— Problem to solve —
Starting with the line that contains "года Сергей Трофимов.", copy each line exactly through the end of the listing, and omit all pictures.

— Extracted information —
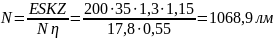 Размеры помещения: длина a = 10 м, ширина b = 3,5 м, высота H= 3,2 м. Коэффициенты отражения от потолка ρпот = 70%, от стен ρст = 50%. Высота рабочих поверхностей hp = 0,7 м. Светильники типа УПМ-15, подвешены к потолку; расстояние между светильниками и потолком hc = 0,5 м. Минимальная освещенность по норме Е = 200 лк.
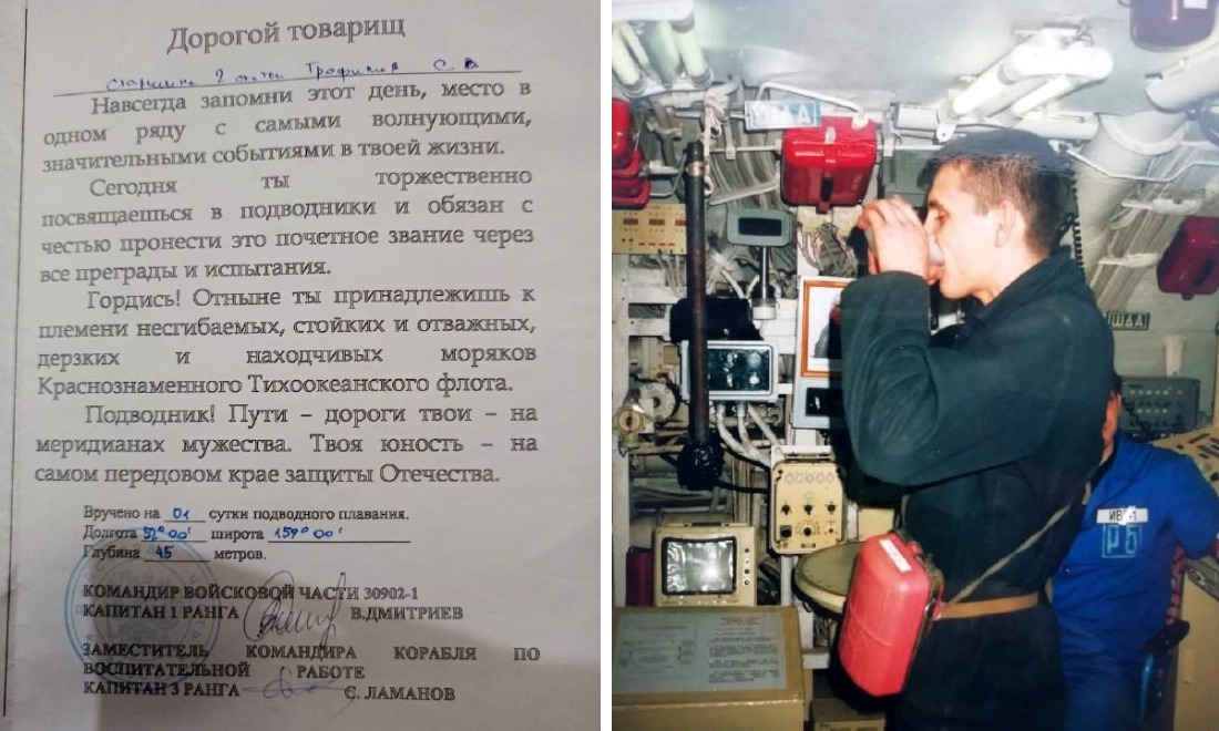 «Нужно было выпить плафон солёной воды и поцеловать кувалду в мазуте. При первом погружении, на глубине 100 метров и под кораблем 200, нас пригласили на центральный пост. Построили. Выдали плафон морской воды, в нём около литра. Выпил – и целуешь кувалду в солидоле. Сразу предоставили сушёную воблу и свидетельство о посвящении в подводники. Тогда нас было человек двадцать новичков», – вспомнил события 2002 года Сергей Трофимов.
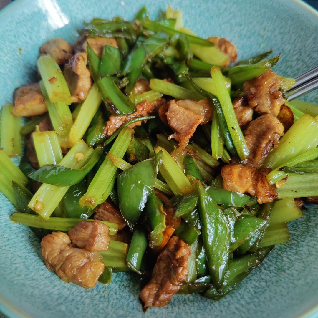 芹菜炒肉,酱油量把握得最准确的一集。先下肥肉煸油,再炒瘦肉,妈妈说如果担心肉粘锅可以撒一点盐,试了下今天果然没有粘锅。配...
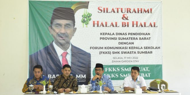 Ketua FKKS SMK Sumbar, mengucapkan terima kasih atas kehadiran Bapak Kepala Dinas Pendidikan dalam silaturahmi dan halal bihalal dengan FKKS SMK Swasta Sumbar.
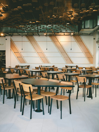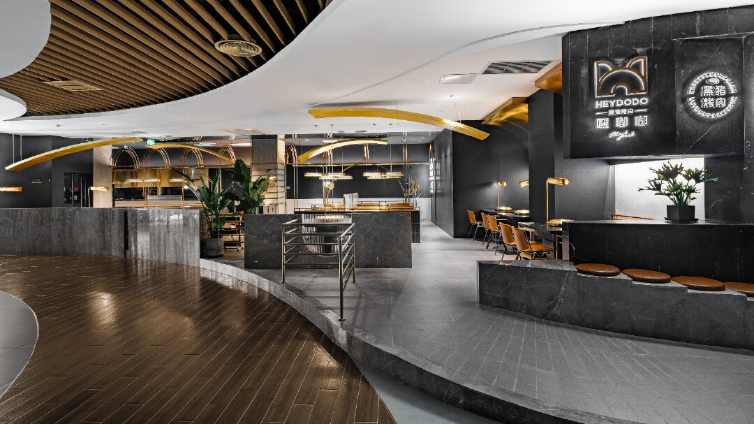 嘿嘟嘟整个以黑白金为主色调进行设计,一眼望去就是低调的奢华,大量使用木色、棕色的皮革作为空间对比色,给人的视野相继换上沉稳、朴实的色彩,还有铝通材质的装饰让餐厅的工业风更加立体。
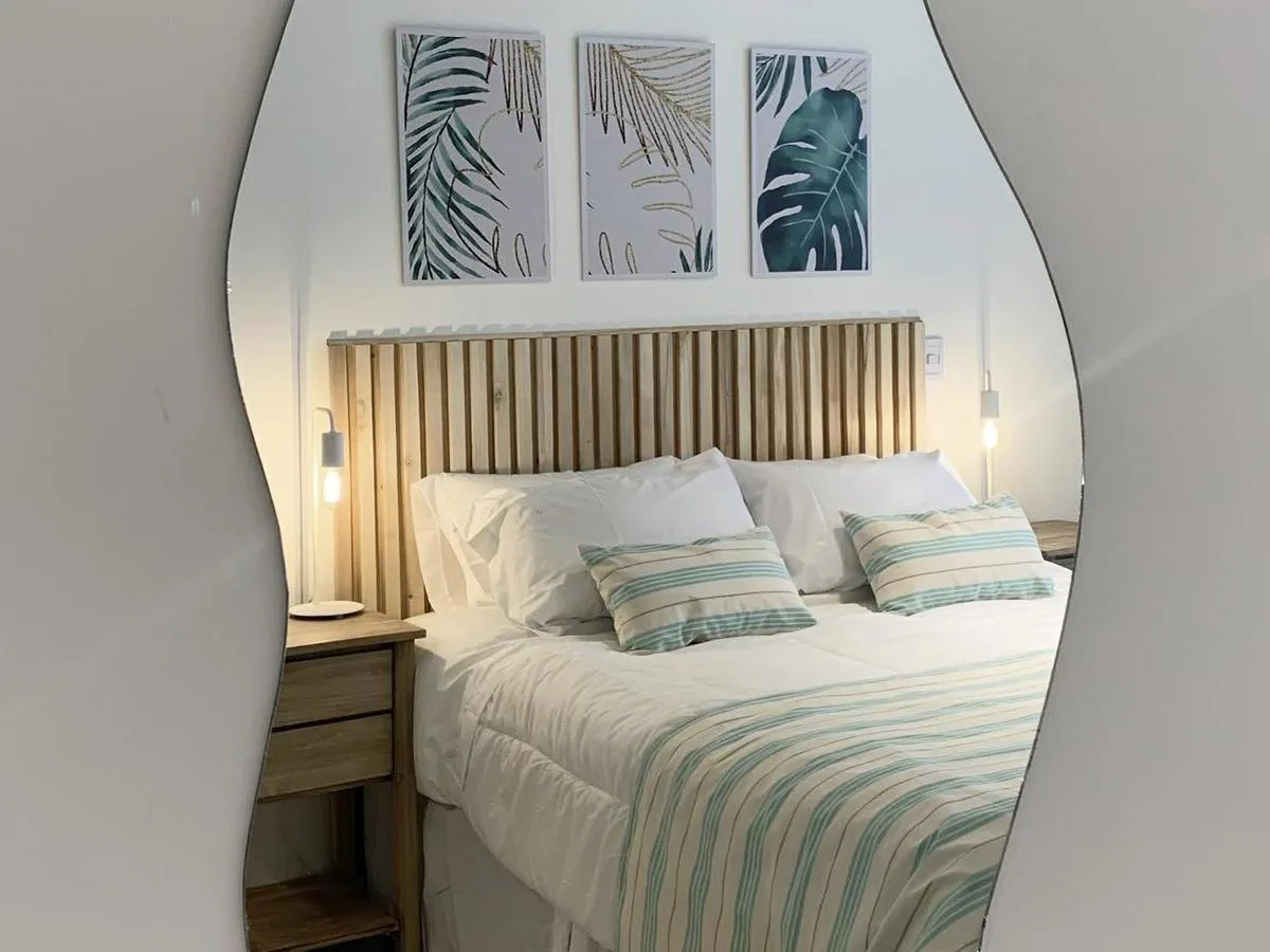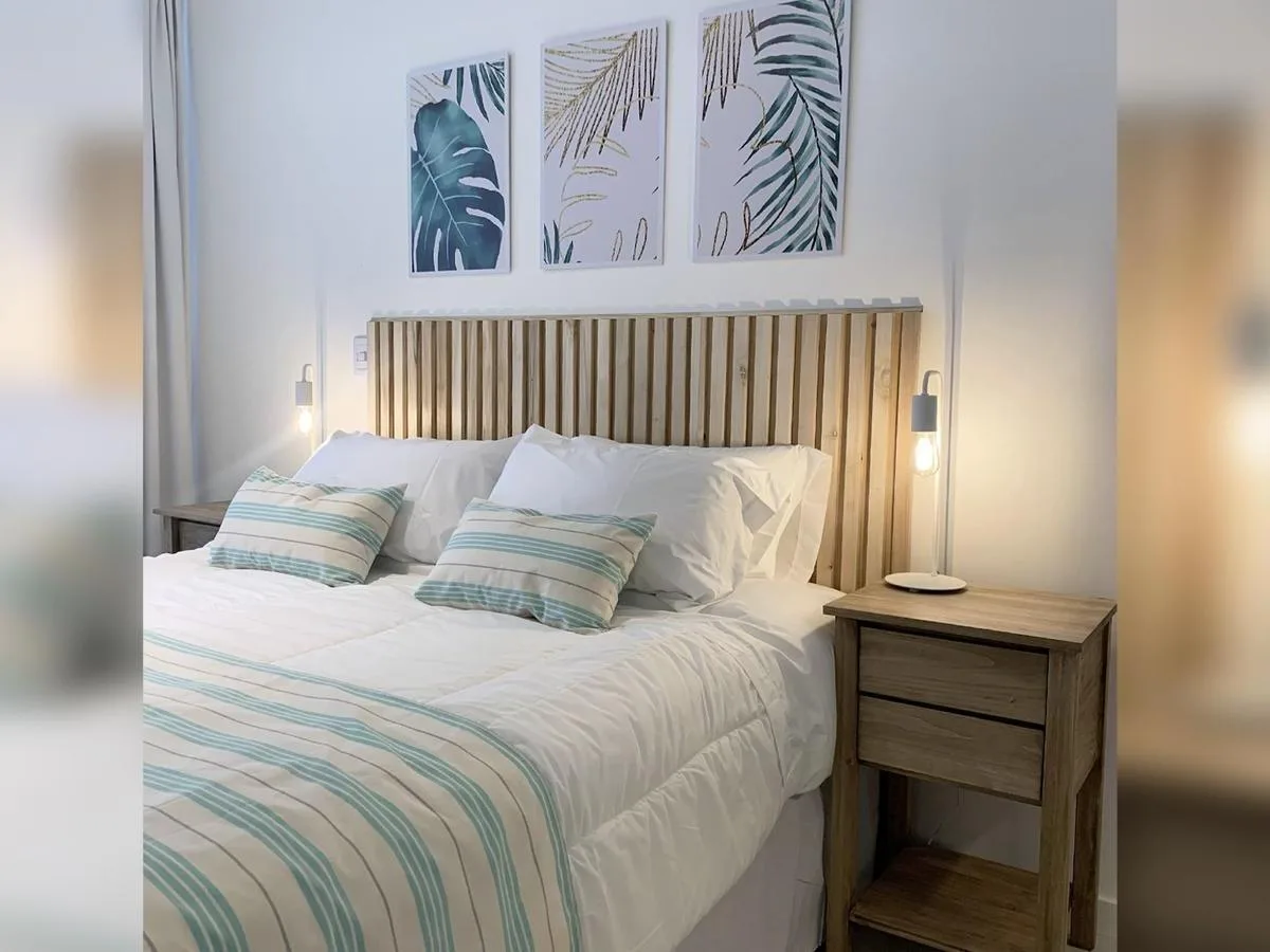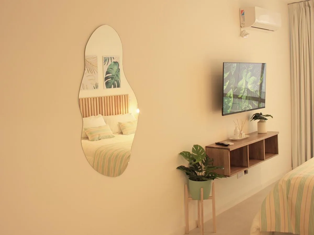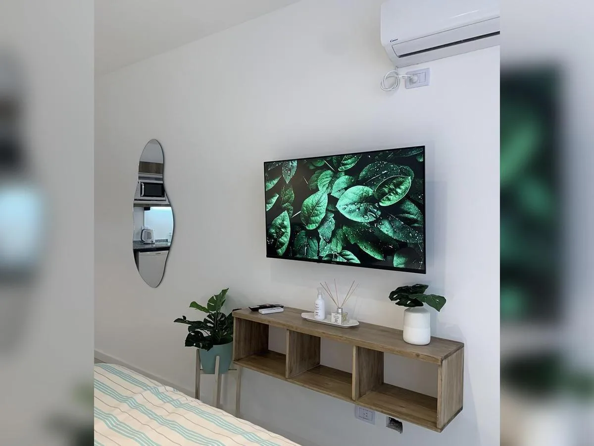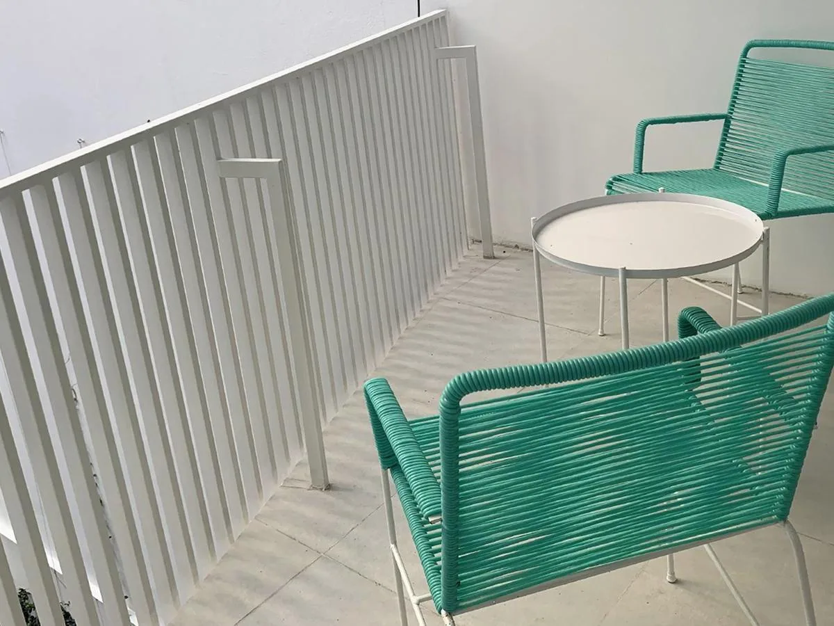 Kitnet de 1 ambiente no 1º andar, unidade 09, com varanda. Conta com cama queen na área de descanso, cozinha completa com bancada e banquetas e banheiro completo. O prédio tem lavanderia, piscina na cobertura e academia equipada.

— Exercise output —
 «Нужно было выпить плафон солёной воды и поцеловать кувалду в мазуте. При первом погружении, на глубине 100 метров и под кораблем 200, нас пригласили на центральный пост. Построили. Выдали плафон морской воды, в нём около литра. Выпил – и целуешь кувалду в солидоле. Сразу предоставили сушёную воблу и свидетельство о посвящении в подводники. Тогда нас было человек двадцать новичков», – вспомнил события 2002 года Сергей Трофимов.
 芹菜炒肉,酱油量把握得最准确的一集。先下肥肉煸油,再炒瘦肉,妈妈说如果担心肉粘锅可以撒一点盐,试了下今天果然没有粘锅。配...
 Ketua FKKS SMK Sumbar, mengucapkan terima kasih atas kehadiran Bapak Kepala Dinas Pendidikan dalam silaturahmi dan halal bihalal dengan FKKS SMK Swasta Sumbar.
 嘿嘟嘟整个以黑白金为主色调进行设计,一眼望去就是低调的奢华,大量使用木色、棕色的皮革作为空间对比色,给人的视野相继换上沉稳、朴实的色彩,还有铝通材质的装饰让餐厅的工业风更加立体。
 Kitnet de 1 ambiente no 1º andar, unidade 09, com varanda. Conta com cama queen na área de descanso, cozinha completa com bancada e banquetas e banheiro completo. O prédio tem lavanderia, piscina na cobertura e academia equipada.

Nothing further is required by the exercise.